**AVAILABLE RECORDS:**
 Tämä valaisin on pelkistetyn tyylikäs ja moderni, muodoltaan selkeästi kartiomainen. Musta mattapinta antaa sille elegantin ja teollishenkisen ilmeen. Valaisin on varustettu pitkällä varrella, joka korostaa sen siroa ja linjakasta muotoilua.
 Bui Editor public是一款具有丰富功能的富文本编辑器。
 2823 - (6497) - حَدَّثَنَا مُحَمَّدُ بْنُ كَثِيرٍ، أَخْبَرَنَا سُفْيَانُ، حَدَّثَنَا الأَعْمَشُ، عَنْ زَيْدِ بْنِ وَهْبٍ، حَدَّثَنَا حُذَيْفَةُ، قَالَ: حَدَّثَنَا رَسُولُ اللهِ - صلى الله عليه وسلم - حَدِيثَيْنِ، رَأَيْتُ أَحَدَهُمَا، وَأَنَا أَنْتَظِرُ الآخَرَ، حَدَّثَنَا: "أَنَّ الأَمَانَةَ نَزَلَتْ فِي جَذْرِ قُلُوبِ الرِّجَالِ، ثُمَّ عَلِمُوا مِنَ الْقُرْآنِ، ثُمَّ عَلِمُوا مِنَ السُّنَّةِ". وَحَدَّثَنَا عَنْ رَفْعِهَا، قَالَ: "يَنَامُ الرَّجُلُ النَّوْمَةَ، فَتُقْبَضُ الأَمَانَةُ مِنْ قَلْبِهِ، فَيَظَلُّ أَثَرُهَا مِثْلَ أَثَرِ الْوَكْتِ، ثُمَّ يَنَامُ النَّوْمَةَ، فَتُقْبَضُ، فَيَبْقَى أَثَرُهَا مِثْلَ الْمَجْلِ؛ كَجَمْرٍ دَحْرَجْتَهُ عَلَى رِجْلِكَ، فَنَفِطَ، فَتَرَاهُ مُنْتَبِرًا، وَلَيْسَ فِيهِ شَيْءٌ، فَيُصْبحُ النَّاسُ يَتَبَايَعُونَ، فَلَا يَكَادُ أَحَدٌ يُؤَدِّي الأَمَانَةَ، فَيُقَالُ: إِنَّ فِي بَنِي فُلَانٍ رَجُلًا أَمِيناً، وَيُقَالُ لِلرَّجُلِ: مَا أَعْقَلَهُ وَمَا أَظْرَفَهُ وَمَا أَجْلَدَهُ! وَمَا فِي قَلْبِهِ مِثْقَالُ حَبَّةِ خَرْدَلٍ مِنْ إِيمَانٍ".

==

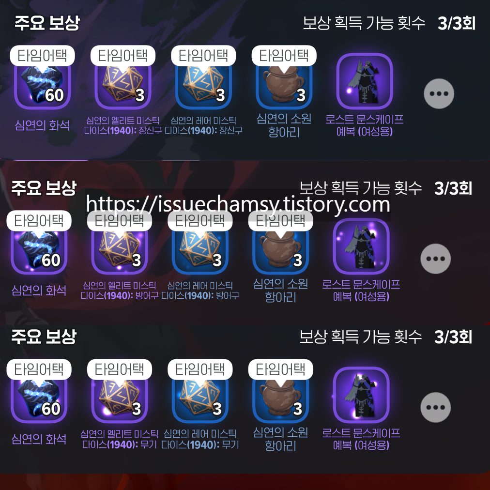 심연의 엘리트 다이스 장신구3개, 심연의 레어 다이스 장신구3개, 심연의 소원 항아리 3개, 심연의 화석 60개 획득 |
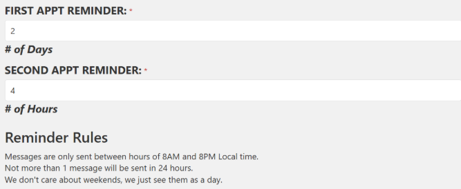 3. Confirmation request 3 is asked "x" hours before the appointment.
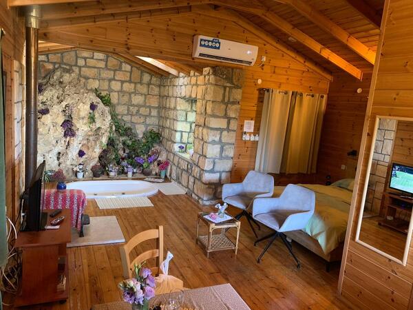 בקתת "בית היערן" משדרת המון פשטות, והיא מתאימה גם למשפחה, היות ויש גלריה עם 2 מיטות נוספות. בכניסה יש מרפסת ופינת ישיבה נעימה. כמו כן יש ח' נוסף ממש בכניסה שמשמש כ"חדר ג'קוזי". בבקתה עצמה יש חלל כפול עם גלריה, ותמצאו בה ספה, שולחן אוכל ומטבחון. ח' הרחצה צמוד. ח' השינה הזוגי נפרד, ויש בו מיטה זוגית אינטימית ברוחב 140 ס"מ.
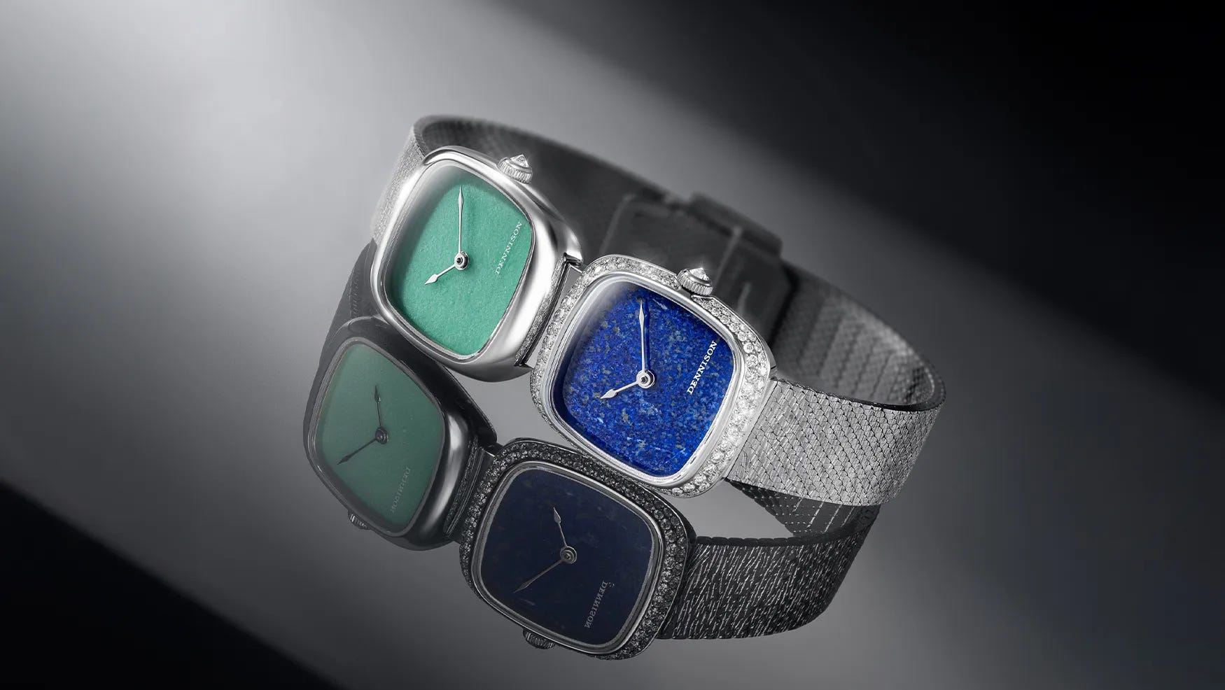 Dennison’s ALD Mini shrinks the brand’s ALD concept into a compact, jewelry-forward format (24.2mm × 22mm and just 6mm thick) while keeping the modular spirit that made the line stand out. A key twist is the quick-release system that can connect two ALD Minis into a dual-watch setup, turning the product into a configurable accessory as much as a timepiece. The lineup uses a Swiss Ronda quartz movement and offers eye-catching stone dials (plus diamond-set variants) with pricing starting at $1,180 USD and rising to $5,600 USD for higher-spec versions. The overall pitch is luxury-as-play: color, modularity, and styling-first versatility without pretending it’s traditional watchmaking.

**TASK GOAL:** In the listing above, find the line with "심연의 엘리트 다이스" and the line with "3. Confirmation request". Set down both and every line between them, minus the pictures.

**REPLY:**
 심연의 엘리트 다이스 장신구3개, 심연의 레어 다이스 장신구3개, 심연의 소원 항아리 3개, 심연의 화석 60개 획득 |
 3. Confirmation request 3 is asked "x" hours before the appointment.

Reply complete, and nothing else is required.